二人は驚いた様子で、怪訝そうに俺を見たのだが、俺の表情を見て、言葉に詰まった様子。
「俺は……繰り返しの一度目ですら……心が張り裂けそうになったよ……」
「……えっ?」
「三年生を冬まで過ごして……仲良くなった相手に……付き合うようになった恋人にすら……冷たくあしらわれることが……また一から関係を構築していくことが、どんな気持ちになるか……君らに判るか?」
俺の言葉に、二人が息を呑む。
「それでも……俺はまだ……クラスの二割は初めから仲がいい状態からのスタートだったから……顔見知りという括りも含めれば、半分くらいはそうだ……それに、他のクラスにも仲がいいやつはいたから……それを心の支えに、なんとか耐えることが出来たんだ。だけど、あいつは……誰一人知らない状態から……毎回全ての人間関係を構築していかなければいけないんだよ……」
「そんな……」
俺が、始業式から繰り返していると言ったことと、神林さんが三年になって転校して来たことを思い出して繋がったのだろう。それがどういうことか理解して想像出来た様子で、彼女らが動揺しているのが判った。音葉は呆然としていて。楠見さんは口元に手を当てて、難しい顔をしていた。
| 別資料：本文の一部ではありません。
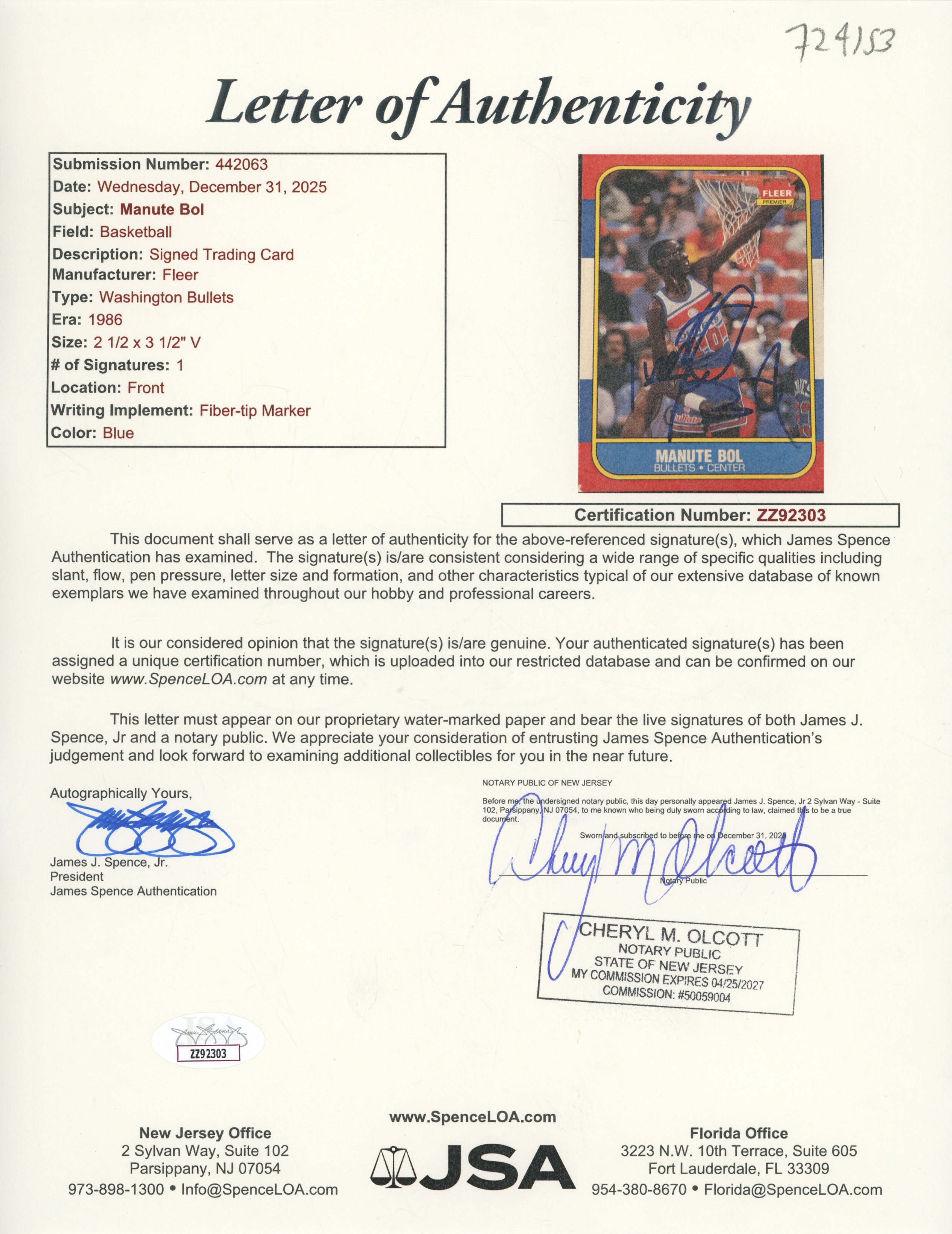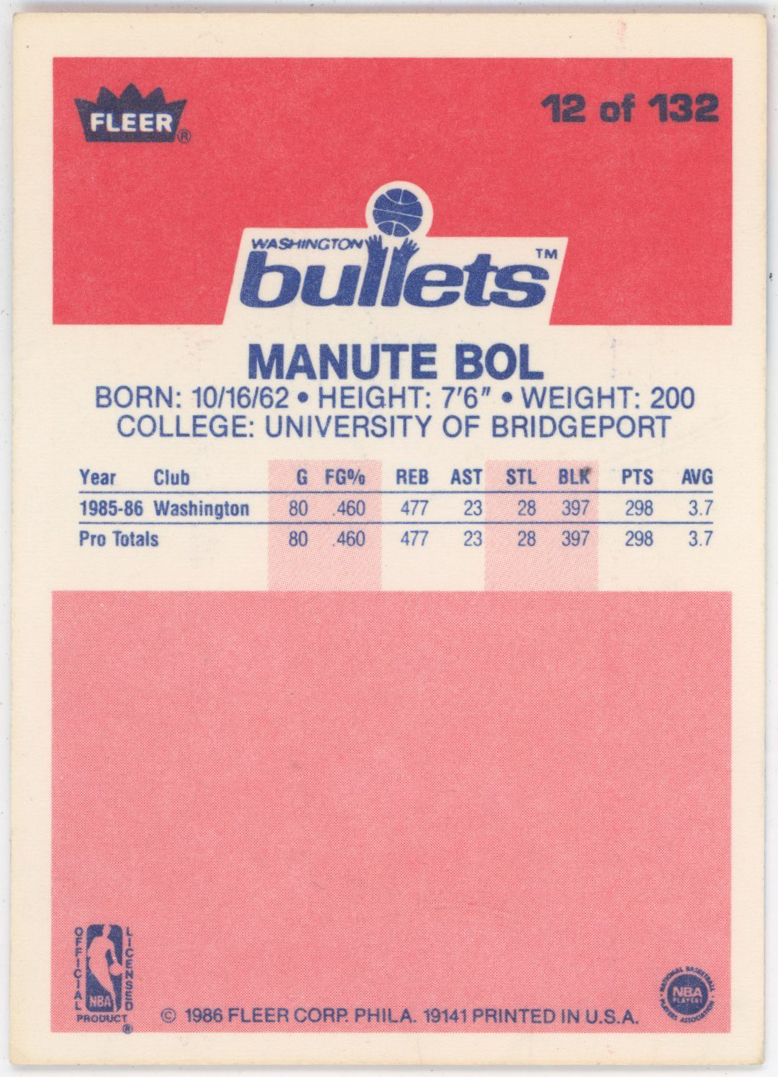 1986 Fleer 12 Manute Bol Auto Card 9 JSA LOA (FULL)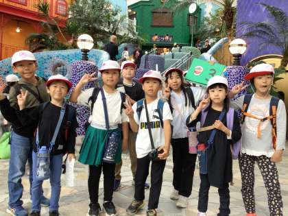 なかよし班ごとに大倉庫を探検しながら、フォトスポットで写真撮影をしています。合言葉は「ばたっぴぃ」です。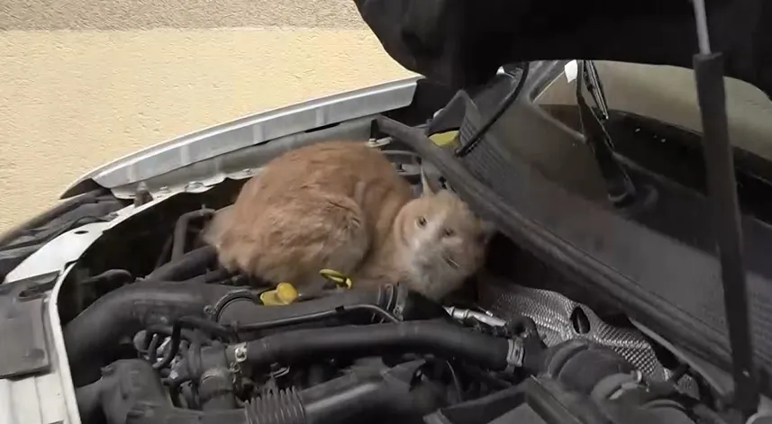 Ekiplerin plakadan ulaştığı otomobil sahibi aracın yanına gelerek kaputu açtı. Motor bölümündeki iki kedi, kaputun açılmasıyla arabadan atlayarak uzaklaştı.
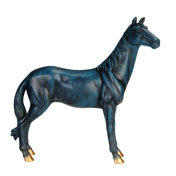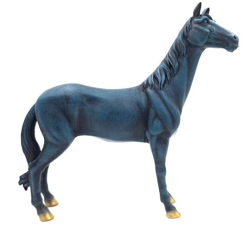 Stylowa figurka konia z polyresinu w granatowym kolorze ze złotymi akcentami. Symbol wolności i elegancji – idealna do salonu, biura i na prezent.

「俺にはそれが……理解できたから……彼女がどういう行動を取ろうとも……それを批難する気にはなれない。そして、何かをするということは……その場で終わる事象じゃ無いんだよ。俺は、何も考えずに……ただ君たちを助けたけれど……そのことで、他にどういう影響が出るのか、俺にも判らないんだ。俺らに危害を加えてくる赤の他人なんて、何人死んでも構わないけど……俺や神林さんが何かをすることで……近しい誰かを傷つけることになるかも知れないんだよ。だけど俺は……何もしないことで……三城谷や楠見さんが死んでしまうことには耐えられなかった……」
俺はみっともなくポロポロと涙を零してしまった。
二人は心配そうに俺を見つめていたが、それでも俺が泣き止むまでそのまま待っていてくれた。
そして。
楠見さんは、前回俺を慰めてくれたときの様な、優しい表情で俺を見つめた。